Furthermore, even considering Dr. Bruno-Golden's administration errors as a whole, the evidence does not support a finding that these errors so altered the BPA as to skew the methodology itself. Id. Notably, the evidence reveals that Dr. *196 Bruno-Golden's only arguably true error was exceeding the time limits for certain of the WISC subtests. As for the other errors cited by the defendants, either: (1) the trial court did not explicitly find that they were errors; (2) they occurred on tests that were not critical to Dr. Bruno-Golden's conclusions, i.e., tests that she used to eliminate certain hypotheses; or (3) the evidence did not support a finding that they were in fact errors. Because we have already found that Dr. Bruno-Golden's errors on the WISC subtests did not render the entire methodology unreliable, we reverse the trial court's finding that Dr. Bruno-Golden unreliably applied the methodology to the facts of this case, see RSA 516:29-a, I(c), and its orders excluding her testimony and dismissing the plaintiff's writ.
IV. Conclusion
The trial court excluded Dr. Bithoney's testimony because his testimony was based almost entirely upon Dr. Bruno-Golden's proposed testimony, which it found to be unreliable. Given our conclusion that Dr. Bruno-Golden's testimony is reliable and admissible, we do not reach the plaintiff's remaining arguments concerning Dr. Bithoney's testimony. We vacate the court's ruling excluding Dr. Bithoney's testimony and remand for further proceedings consistent with this opinion.
Reversed in part; vacated in part; and remanded.

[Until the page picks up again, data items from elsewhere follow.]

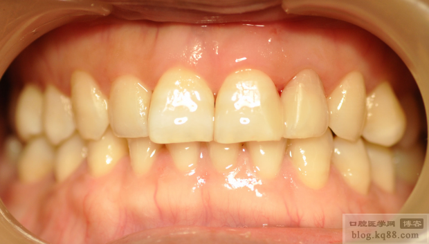 調(diào)磨拋光后,21的顏色稍微還有一點色差,自己不是很滿意,但是患者已經(jīng)很滿意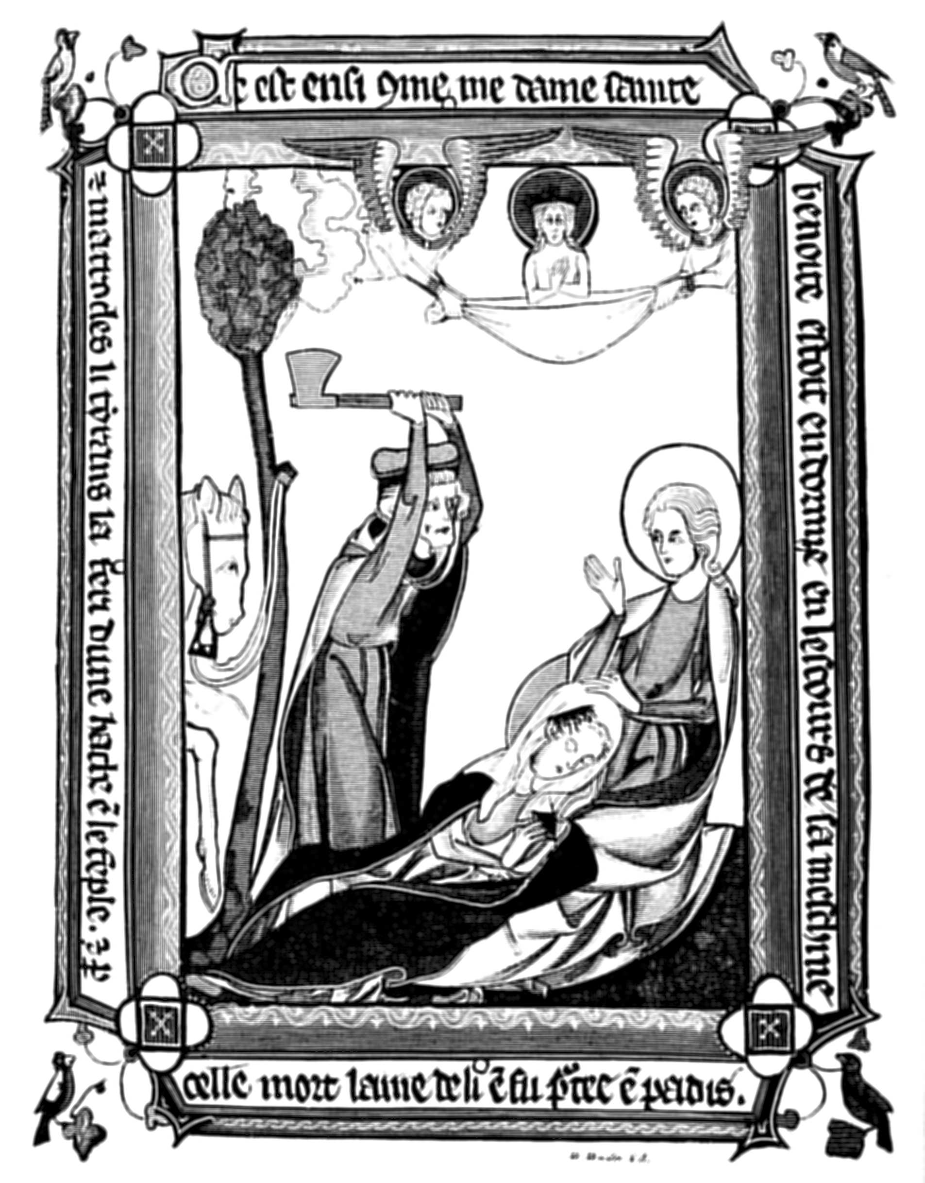 The age of Saint Louis; archaism of costume in miniatures; French manuscripts of the fourteenth and fifteenth centuries; historiated Bibles; the ivy-pattern; the Horae of the Duc de Berri; the treasure-book of Origny Abbey; the Anjou Horae; costly and magnificent French Horae; their beautiful decorations; their numerous miniatures; the Bedford Breviary; the Bedford Missal; various styles in the same manuscript; manuscripts in Grisaille; manuscripts of secular works; Cristina of Pisa; Chronicles and Travels; Romances and Poems; Italian influence in the south of France; the growth of secular illuminators; the inferiority of their work; cheap and coarsely illuminated Horae; manuscripts of the finest style; use of flowers and fruit in borders and initials; influence of the Italian Renaissance; the Horae of Jehan Foucquet of Tours.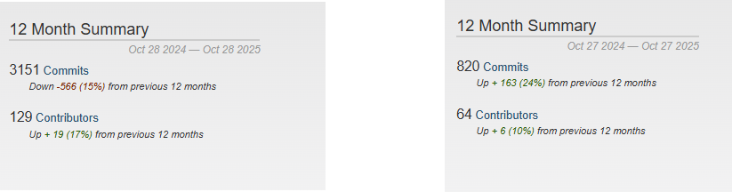 >>1308252 А я считаю, что хорошо идёт разработка монеро. Одно время 2016-2018 была даже более бурная разработка, чем у битка. Сейчас тоже, для такого проекта как монеро, вполне хороший уровень, даже вот если с битком за год сравнить, у битка за год 3151 коммит и 129 разрабов, у монеро 820 коммитов и 64 разраба. Меньше, чем у битка, но и "разрабы забили" это тоже не подходящее определение.

BRODERICK, C.J., and DALIANIS and GALWAY, JJ., concurred.
NOTES
[1] We note that, although this particular source is not in the record, consistent with the practice of other courts, we may consider it to fully understand the science at issue in this case. See, e.g., Ballew v. Georgia, 435 U.S. 223, 231-32 n. 10, 232-39, 98 S.Ct. 1029, 55 L.Ed.2d 234 (1978) (noting that although only "some" of the studies "ha[d] been pressed upon [the Court] by the parties," the Court considered all of the cited sources "carefully because they provide[d] the only basis, besides judicial hunch, for a decision"); State v. O'Key, 321 Or. 285, 899 P.2d 663, 682, 686 (1995) (en banc) (evaluating the reliability of the Horizontal Gaze Nystagmus test based partly upon its "own research" and "numerous other sources" not in the record); see also Monahan & Walker, Judicial Use of Social Science Research, 15 Law & Hum. Behav. 571, 571 (1991) ("Increasingly in recent decades, courts have sought out research data on their own when the parties have failed to provide them."). But see Ballew, 435 U.S. at 246, 98 S.Ct. 1029 (Powell, J. concurring) (criticizing majority's "heavy reliance" upon studies not "subjected to the traditional testing mechanisms of the adversary process.").